Bad Movie Rating: 3/5 (Josh: 4/5; Fred: 2/5; Tami: no rating; Libby: no rating; Kristen: 2/5; Jeremy: no rating, but called it an "awful experience")

Rating: 2/20

Plot: Killer prehistoric shark in a lake eats people, including art thieves.

Here's everything you need to know about Jurassic Shark:

1) The shark is indeed in a lake, and it doesn't even appear to be a large lake.

2) The shark doesn't look "Jurassic" at all. It just looks like a regular shark. Well, actually it looks like a CGI shark. You can't blame the CGI for the movie ending up terrible though. It's seamless.


3) This had the distinction of being the lowest-rated movie on imdb.com when we watched it. Right now, it's number 2 (a big number 2) because it's been replaced by something called Kartoffelsalat. I'm sure they're both right around the same level of "offel" though.

4) This movie is 75 minutes long, and I'm pretty sure 40 minutes of that involved walking through the woods.

5) It took two people, according to the credits, to cast this movie. My guess--one casting director didn't have enough friends to put in the movie, so they had to get a friend-of-a-friend to find some more friends to put in there.

6) The movie also had three sound recordists which probably explains why it sounded so good.

7) Dynamite is used, hilariously. The explosions look great, at least as good as the CGI blood splattering on the camera, but where there's dynamite, there has to be a lighter. And I believe half of the budget was spent on one lighter. I have no idea what the other half of the budget was spent on.

8) The movie ends with "Fin" because. . .well, I don't know why it would do that.

9) Brett Kelly directed this, and we Bad Movie Clubbers had seen his work before in the awful Thunderstorm: The Return of Thor. I wonder where this guy gets his ideas!

10) There's an action sequence in this where the shark leaps from the lake over two characters (in slow motion, of course), sails over a pair of characters, chomps a woman from the knees up and leaves only her boots on the shore, and somehow winds up back in the lake. I've actually lost sleep trying to figure out the physics of this one. Josh said the attack was "Free Willy style," if that helps you imagine it.

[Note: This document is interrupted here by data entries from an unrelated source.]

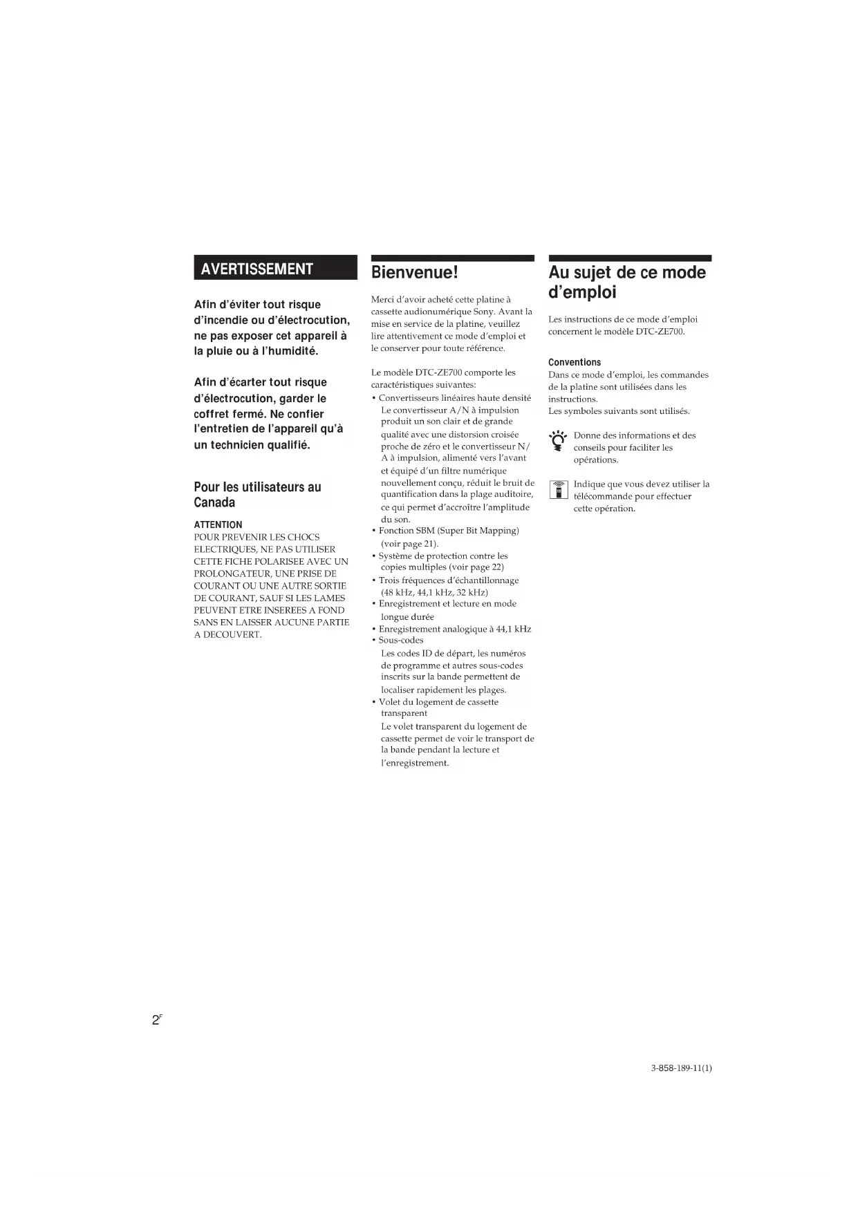 Table des matières Préparatifs Déballage 4 Raccordements 4 Enregistrement sur une cassette DAT 6 Lecture d'une cassette DAT 8 Enregistrement Ce que vous devez savoir avant de commencer à enregistrer 9 Réglage du niveau d'enregistrement pour l'enregistrement analogique 10 Localisation de la fin de l’enregistrement précédent (recherche de fin) 10 Réglage du mode d'enregistrement 11 Utilisation de la fonction SBM (Super Bit Mapping) 11 Création d'un passage en sourdine pendant l'enregistrement (silencieux d'enregistrement) 12 Enregistrement avec une minuterie (enregistrement programmé) 12 Lecture Utilisation de l'affichage 13 Localisation d'une plage (AMS*/accès direct) 14 Répétition de plages (lecture répétée) 14 Lecture avec une minuterie (lecture programmée) 15 Inscription de sous-codes Utilisation des sous-codes 15 Inscription de codes ID de départ pendant l'enregistrement 15 Inscription de codes ID de départ pendant la lecture 16 Changement de la position d'un code ID de départ préenregistré 17 Effacement de codes ID de départ 17 Renumérotation automatique des numéros de programme 18 Informations supplémentaires Précautions 18 Nettoyage 19 Messages sur l'affichage 19 Guide de dépannage 20 Spécifications 21 Fonction SBM (Super Bit Mapping) 21 Guide pour le système de protection contre les copies multiples 22 Index 24Préparatifs 3-858-189-11(1)
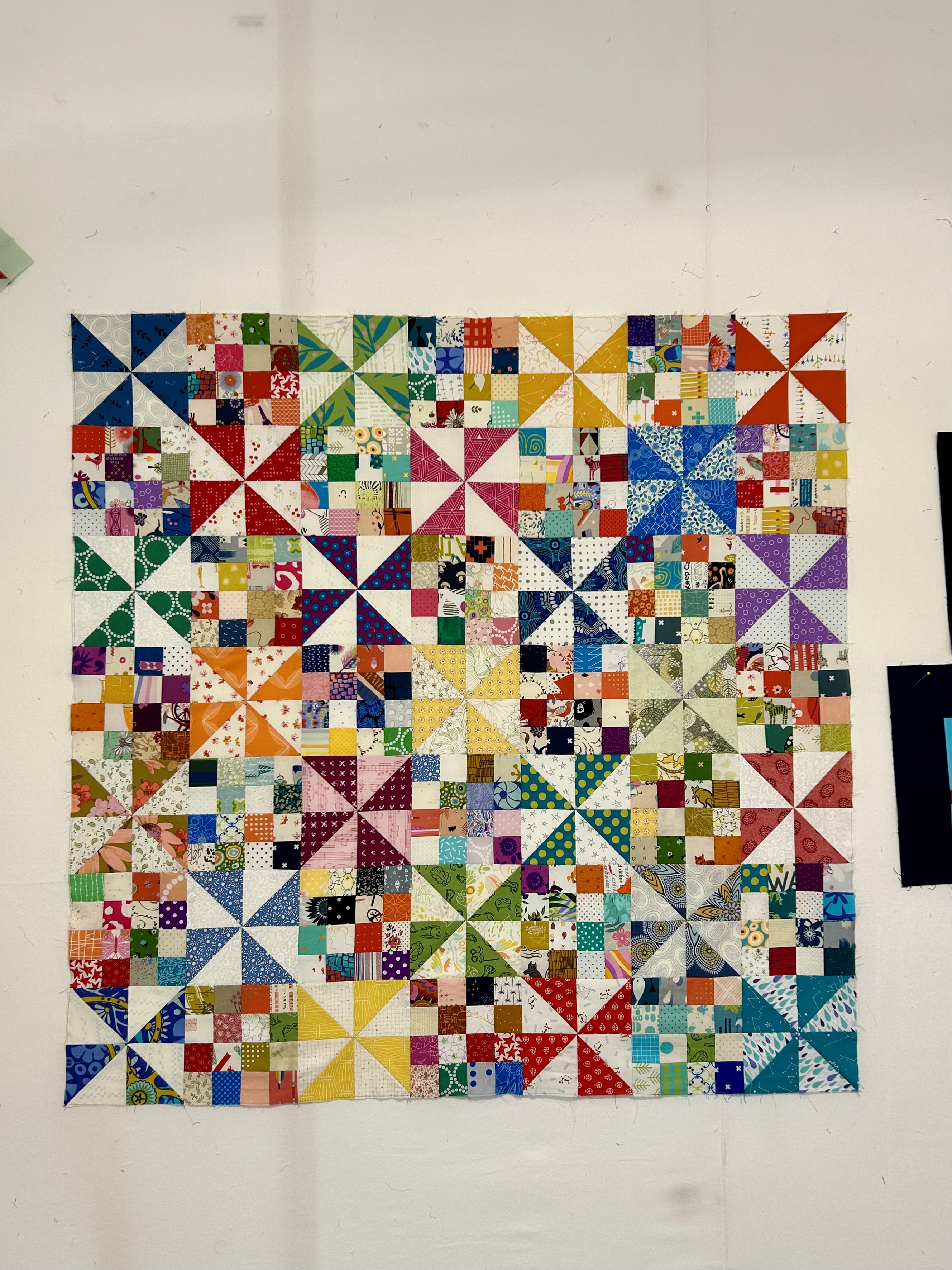 To recall, this is a Tara Faughnan pattern (“Stacks”) from the first The Color Collective in 2019. I made one and gifted it for a wedding present. Then I saved the leftover blocks and fabrics and moved them with me to South Carolina in late 2022. I’ve been trying to catch up with old projects and with using up stash for the past few years, so here’s one result.
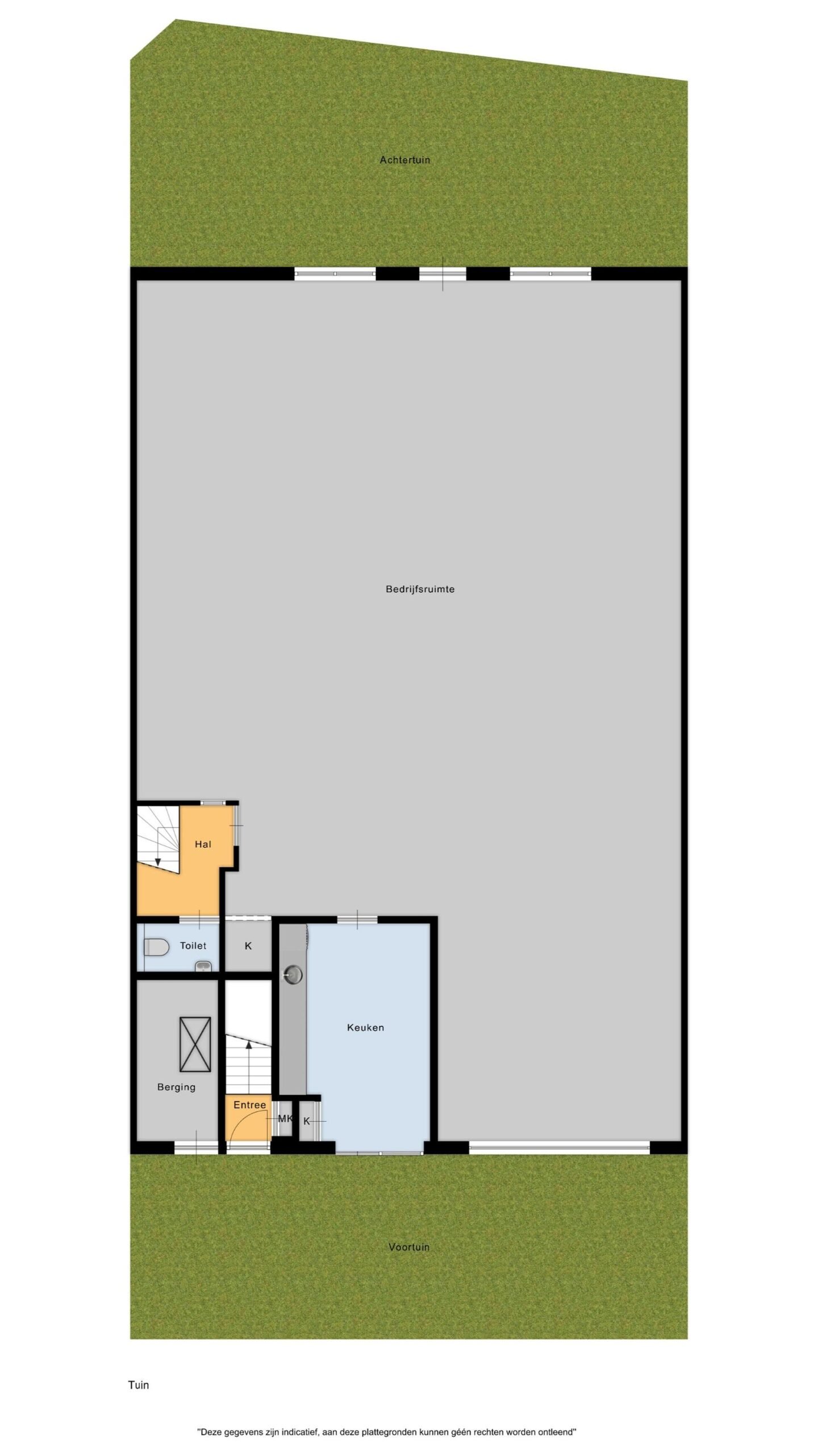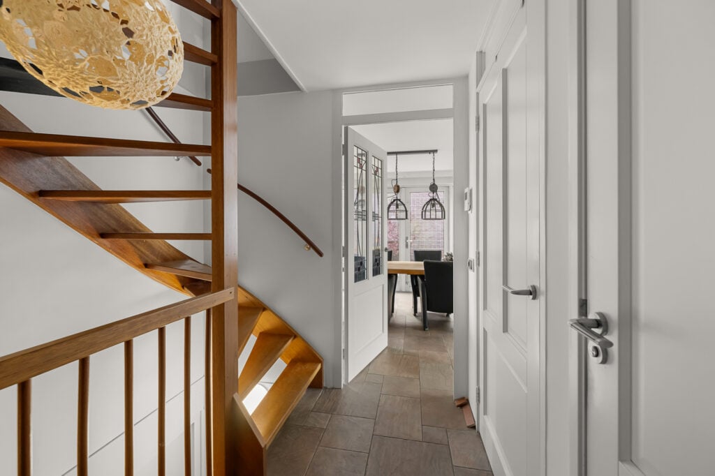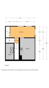 De begane grond is praktisch en doordacht ingericht. Aan de voorzijde bevindt zich de voordeur, waar je binnenkomt in een hal met direct toegang tot de trap naar de woonverdieping. Daarnaast is er een inpandige berging met een eigen entree, ideaal voor extra opslag of dagelijks gemak.
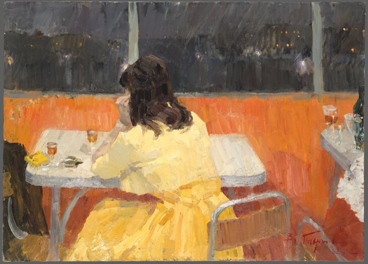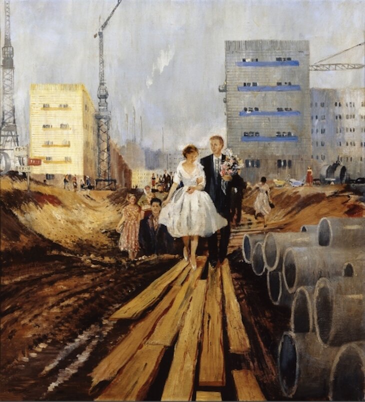 Юрий Пименов был одним из художников, изобразивших 1960-е как эпоху надежд за секунду до светлого будущего. Стройки, свадьбы, молодые ученые, автомобили – все это мчится навстречу завтрашнему дню. Его картины напоминают киноафиши, что не случайно: Пименов работал и как график-иллюстратор, и как театральный декоратор. Его талант был признан еще в сталинские времена, соцреализм такого толка был прост и понятен вождю. Но именно в 60-е Пименов стал одним из главных художников СССР. Для него была важна не столько советская реальность, сколько реальность жизненная во всех своих проявлениях.

11) Vin Diesel might be in this movie.

12) There's an extra ending scene featuring some beer guzzlers sitting in lawn chairs on a giant rock. Yes, it does set up a sequel, probably something called Son of Jurassic Shark, and the way they introduce the idea manages to be juvenile, pervy, and idiotic simultaneously.

13) Cleverly, they added a reference to a painting by John Singleton Copley. This one:


Get it? Brett Kelly might be a genius.

14) Nobody ever stays wet in this movie.

15) The best performance (and by that, I mean the worst performance) is by Angela Parent as the leader of the band of art thieves. She's over-the-top in all the right ways and has an unexplainable accent. I think it might be a Canadian accent.

16) There's nothing else you need to know about Jurassic Shark.

1 comment:

Shane said...

I apologize if I offended you. I didn't realize the director's mother would someday stumble onto my little blog here.